Budget 2024: This time drive china away...

In late january this year, even before the presentation of the interim budget, the government issued a notification to reduce the tariff on mobile phone parts from 15% to 10%. The aim of this move of the government was to promote local production and exports and reduce product prices in local markets. This decision of the government also benefited mobile parts manufacturing companies like apple and Foxconn. In fact, till now china used to be the hub of mobile part manufacturing. However, due to India's reduction in import duty on mobile phone parts and increasing tension between the US and china, America has started shifting Apple's manufacturing from china to India.

After geopolitical tensions and the Corona epidemic, other American tech giants including apple are also working on expanding their manufacturing facilities outside China. In such a situation, after the decision to reduce import duty, the foreign company manufacturing in india is proof that low tariffs for inputs and subsidies help to promote domestic manufacturing.

Now that the first full budget after the 18th lok sabha elections is to be released in india, the demand for a reduction in 'high' tariff charges, especially on industrial raw materials and intermediate products, has intensified.
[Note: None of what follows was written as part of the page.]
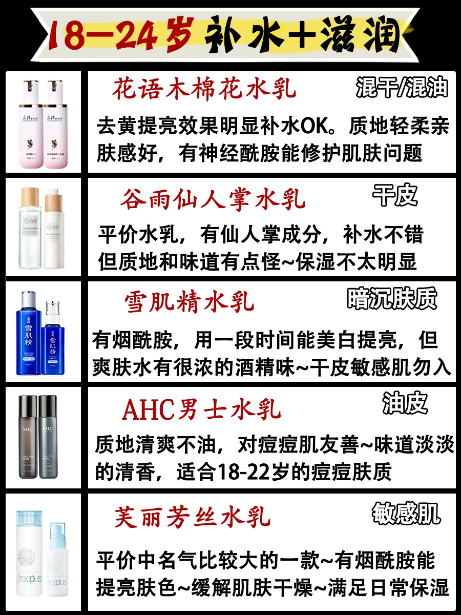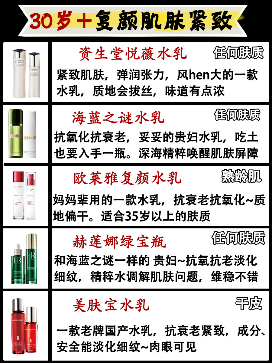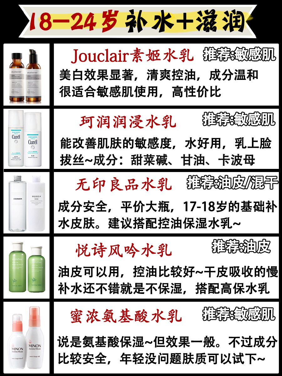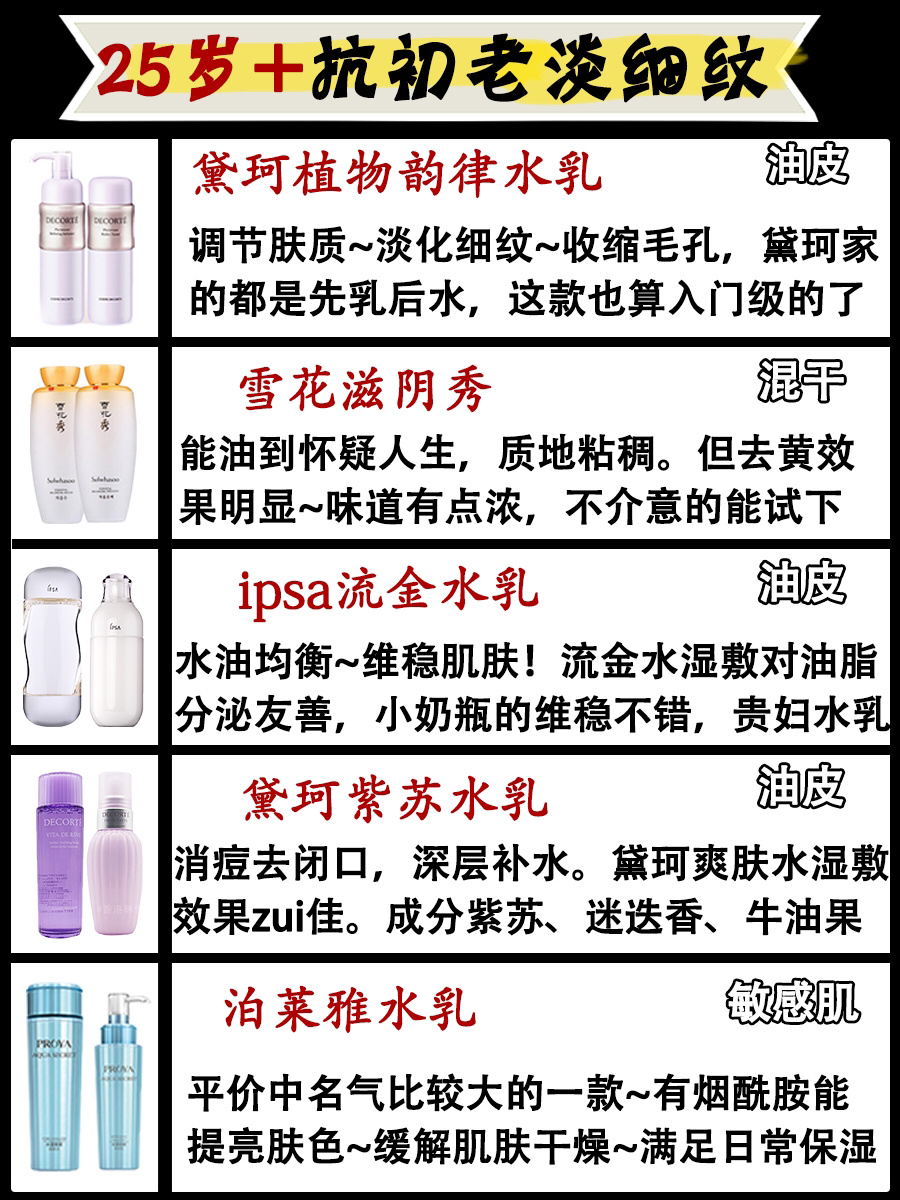 同年龄的水乳测评去细纹抗初老不踩雷 都说水乳用的越早越好,但具体的年龄该用什么水乳小仙女们又不清楚 所以为了方便大家,一目了然的看到适合自己的水乳,今天把我以前用过的水乳整理了一下,从各个年龄段细分一下 - 抗初老在护肤江湖中由来已久,有的法令纹出现的早,在抗初老上就会早点。年龄也是只是一个参考,具体的还是要根据皮肤当时的情况来决定 好了详细的都在上面呢,保湿水乳/干皮水乳/平价水乳/敏感肌水乳/

Let us know in detail what the people of this sector expect from this budget, and whether the budget can take decisions like further reducing this import duty.

NITI Aayog report

NITI Aayog said in a report last week that india needs to significantly improve import duty and use fiscal incentives to become a major player in the global value chain (GVC) for electronics, and should set a target of $ 500 billion for this sector by 2030. Currently it is a little more than $ 100 billion. According to trade economists, rising tariffs and non-tariff barriers are in stark contrast to the progressive external trade liberalism policy adopted over the past decades, especially since the 1990s. They say that tariff reduction is the most important way to eliminate restrictions on imports.

At present, the China-plus-one strategy is being adopted in major economies. This is a global trade strategy in which companies are expanding their production and supply chain in other countries by removing or reducing it from China. The main objective of this strategy is to protect their business from risks and diversify the global supply chain. In such a situation, if india further reduces its import duty, then the country can get a huge benefit from it.